** Requirement **
Your reply should restate the lines from the top of the entries through the line containing "安全生產(chǎn)檢測(c" word for word, with no pictures.

=======

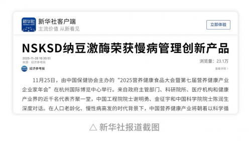 据新华社客户端报道,NSKSD纳豆激酶在前不久召开的2025营养健康食品大会,荣获由国家科技部认证机构颁发的“慢病管理心脑血管创新产品”奖,获此殊荣的是日生研生命科学(浙江)有限公司。
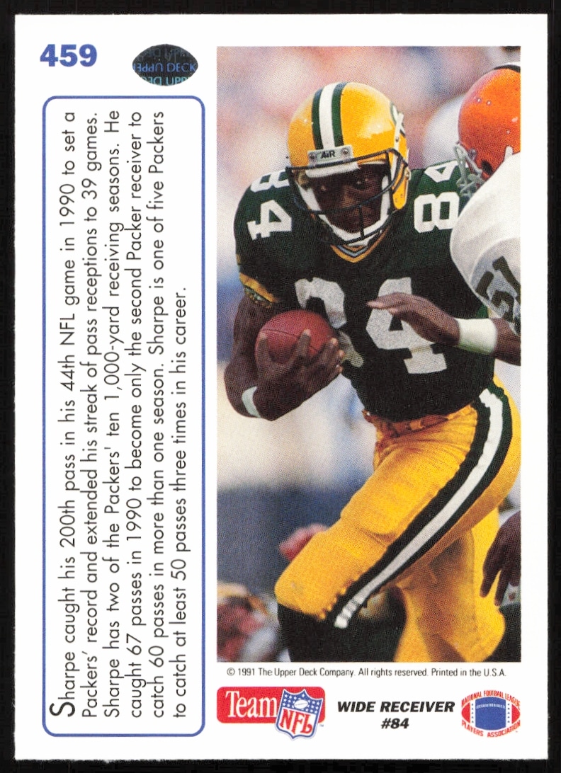 This Football card, from 1991 is part of the Upper Deck card set. Sterling Sharpe is featured and has a card number of 459.
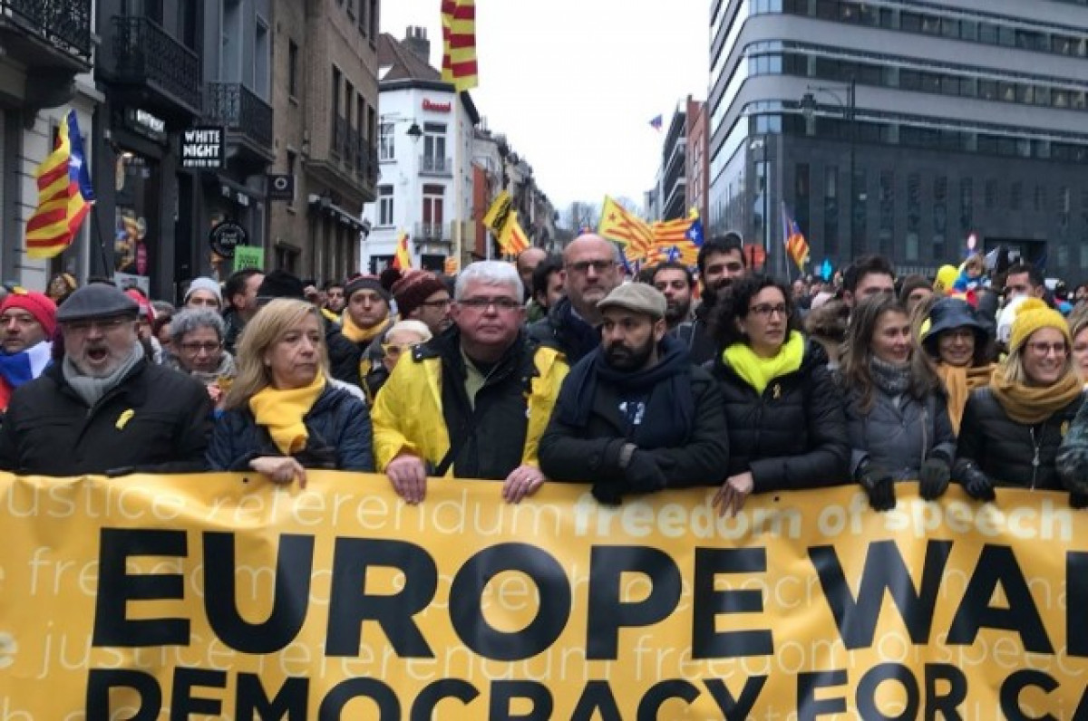 Rovira ha pronunciat aquest discurs al final de la manifestació que ha reunit 45.000 independentistes a la capital belga, en què ha estat acompanyada per altres companys de partit, com Gabriel Rufián.
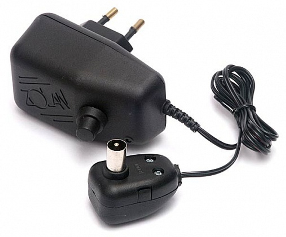Данная модель позволяет обеспечивать питанием активную эфирную антенну через антенный кабель. Так же можно запитывать не только тот усилитель, что располагается в антенне, но и тот, что находится в разрезе провода. У блока питания имеется возможность регулирования напряжения. Регулятор предназначается для увеличения или уменьшения выходного напряжения, которое требуется для питания усилителя в эфирной антенне, для наилучшего приема ТВ сигнала. Чтобы подсоединить кабель от антенны в разъем сепаратора, находящемуся на блоке питания, не требуется использовать паяльник, достаточно зачистить провод и закрепить в разъеме.
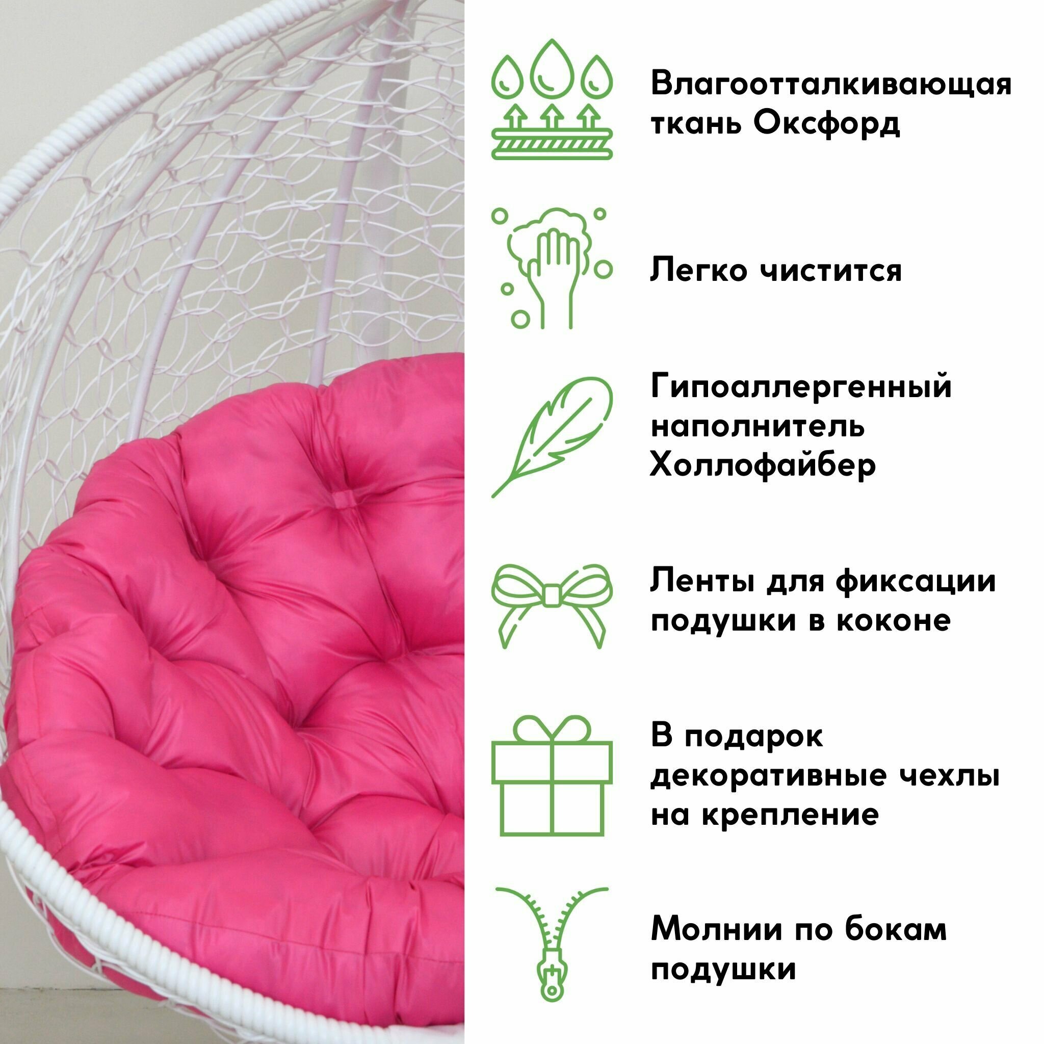 СохранитьПодвесное кресло-кокон Mollis для дома и улицы Белый с круглой Розовой подушкой интересное:
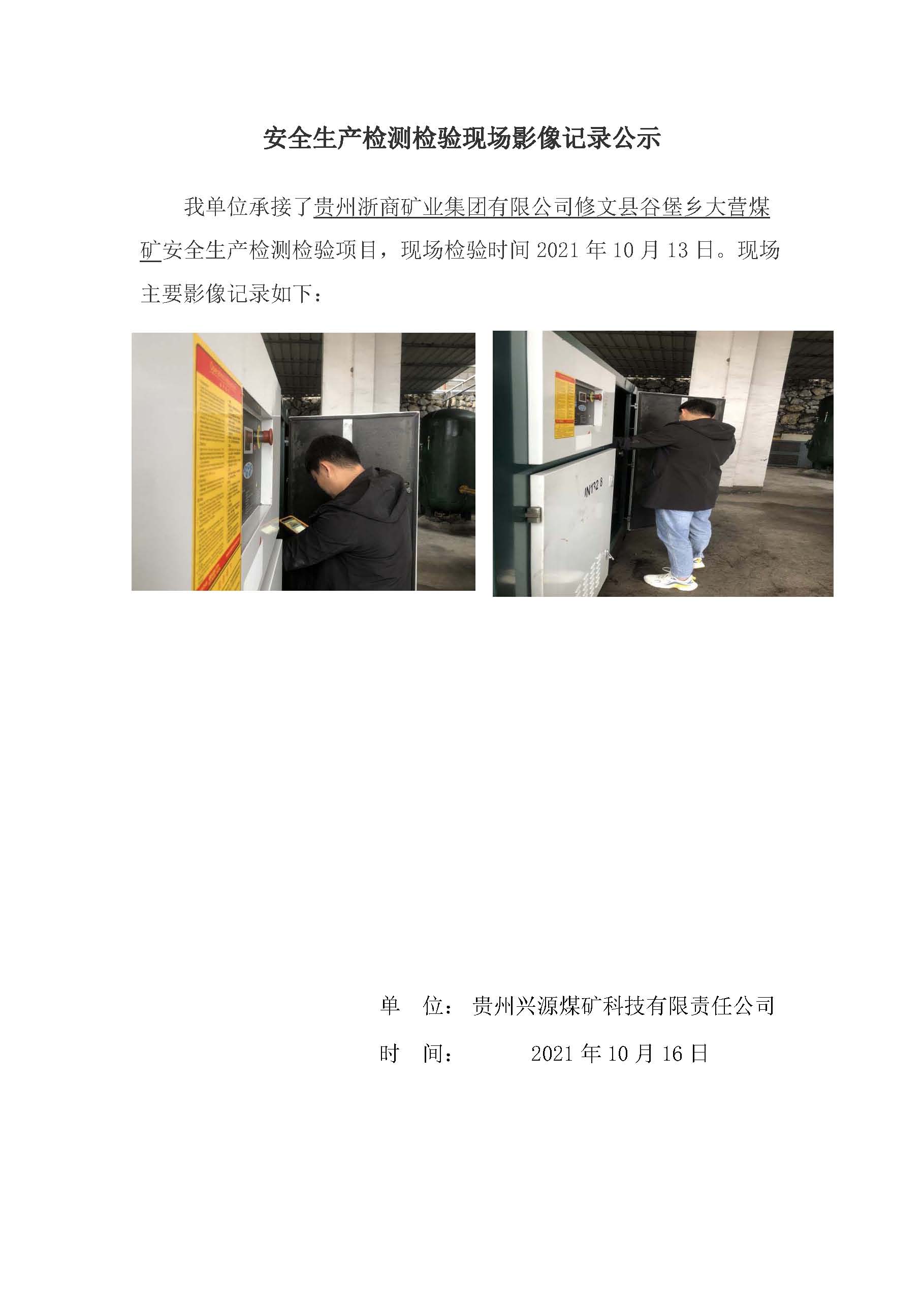 安全生產(chǎn)檢測(cè)檢驗(yàn)現(xiàn)場(chǎng)影像記錄公示【貴州浙商礦業(yè)集團(tuán)有限公司修文縣谷堡鄉(xiāng)大營(yíng)煤礦】
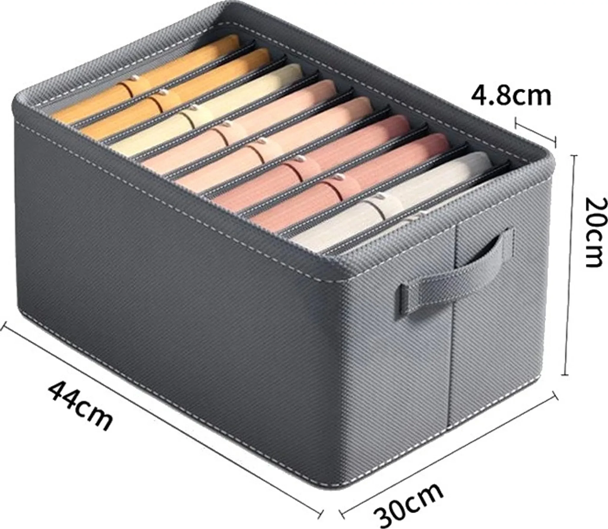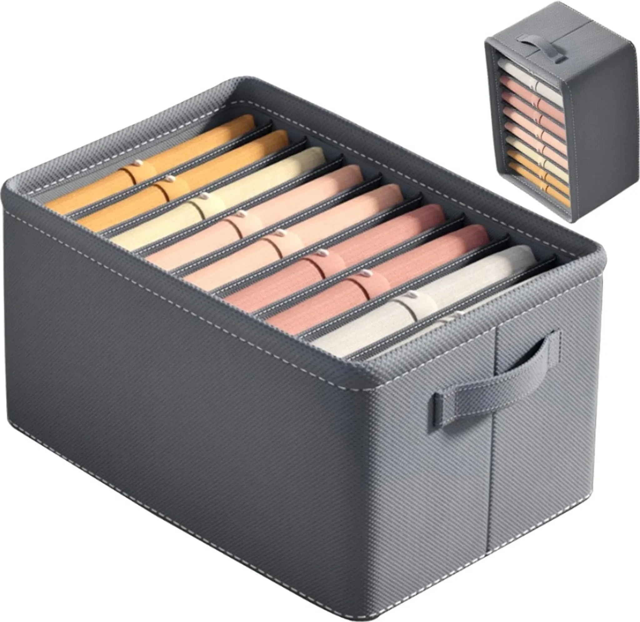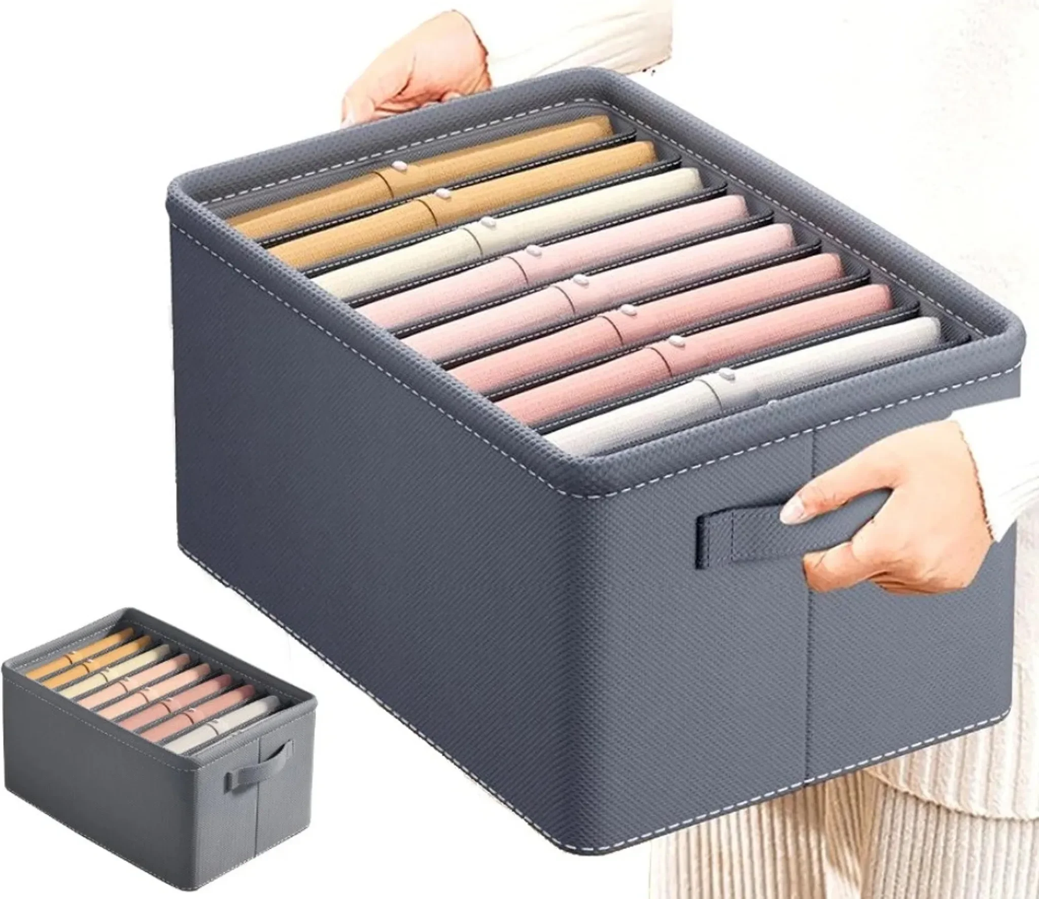 Diese starre Organizerbox bietet eine praktische Lösung zur übersichtlichen Aufbewahrung von Kleidung im Kleiderschrank. Sie eignet sich ideal für Hosen, Sweatshirts, Pullover oder Handtücher und hilft dabei, Ordnung zu schaffen, ohne Kleidungsstücke zu stapeln.
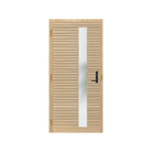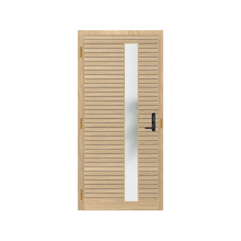 Pystylasi yhdessä kapean vaakapaneelin kanssa tekee Jyrävä-ovimallista raikkaan kokonaisuuden. Oven ulkonäköä täydentää alareunassa oleva yksittäinen leveä vaakapaneeli. Lasi on mahdollista ottaa myös etsattuna, kun halutaan lisätä yksityisyyttä.
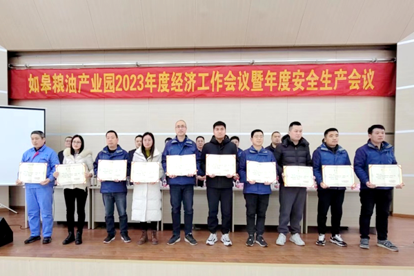 2月8日上午,如皋粮油产业园召开2023年度经济工作会议暨年度安全生产工作会议,产业园支部书记、董事长黄国波出席会议并讲话,总经理蒋志锋主持会议,产业园领导班子、各部门正副职同志以及职工代表参加会议。
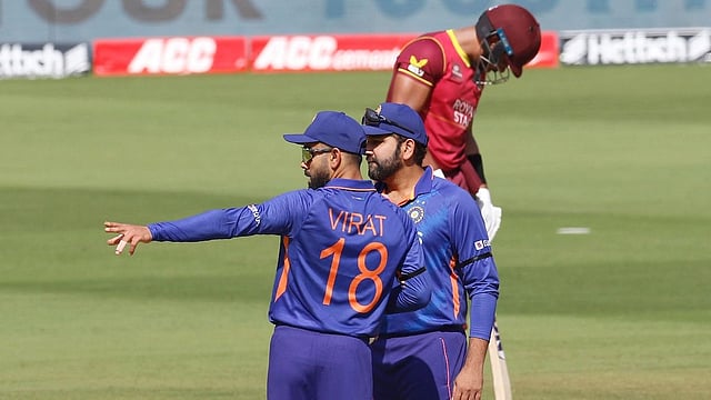 टी-20 वर्ल्ड कप स्पर्धेपूर्वी विराट कोहलीने टी-20 संघाचे नेतृत्व सोडले. त्याच्या या निर्णयानंतर टी-20 सह वनडे संघाचे नेतृत्व रोहितच्या खांद्यावर देण्यात आले. आफ्रिका दौऱ्यावरील वनडेत विराट कोहली लोकेश राहुलच्या नेतृत्वाखाली मैदानात उतरल्याचे पाहायला मिळाले. कॅप्टन्सीतून पाय उतार झाल्यानंतर रोहित-विराट पहिल्यांदाच मैदानात एकत्र खेळत आहेत. रोहित आणि विराट यांच्यातील मतभेदावर नेहमीच चर्चाही होते. पण मैदानात मात्र तसे काही चित्र दिसत नाही. वेस्ट इंडीज विरुद्धच्या सामन्यात रोहित आणि विराट यांच्यात ऑल इज वेलचा सीन पुन्हा अनुभवायला मिळाला.

=======

** Solution to this problem **
 据新华社客户端报道,NSKSD纳豆激酶在前不久召开的2025营养健康食品大会,荣获由国家科技部认证机构颁发的“慢病管理心脑血管创新产品”奖,获此殊荣的是日生研生命科学(浙江)有限公司。
 This Football card, from 1991 is part of the Upper Deck card set. Sterling Sharpe is featured and has a card number of 459.
 Rovira ha pronunciat aquest discurs al final de la manifestació que ha reunit 45.000 independentistes a la capital belga, en què ha estat acompanyada per altres companys de partit, com Gabriel Rufián.
Данная модель позволяет обеспечивать питанием активную эфирную антенну через антенный кабель. Так же можно запитывать не только тот усилитель, что располагается в антенне, но и тот, что находится в разрезе провода. У блока питания имеется возможность регулирования напряжения. Регулятор предназначается для увеличения или уменьшения выходного напряжения, которое требуется для питания усилителя в эфирной антенне, для наилучшего приема ТВ сигнала. Чтобы подсоединить кабель от антенны в разъем сепаратора, находящемуся на блоке питания, не требуется использовать паяльник, достаточно зачистить провод и закрепить в разъеме.
 СохранитьПодвесное кресло-кокон Mollis для дома и улицы Белый с круглой Розовой подушкой интересное:
 安全生產(chǎn)檢測(cè)檢驗(yàn)現(xiàn)場(chǎng)影像記錄公示【貴州浙商礦業(yè)集團(tuán)有限公司修文縣谷堡鄉(xiāng)大營(yíng)煤礦】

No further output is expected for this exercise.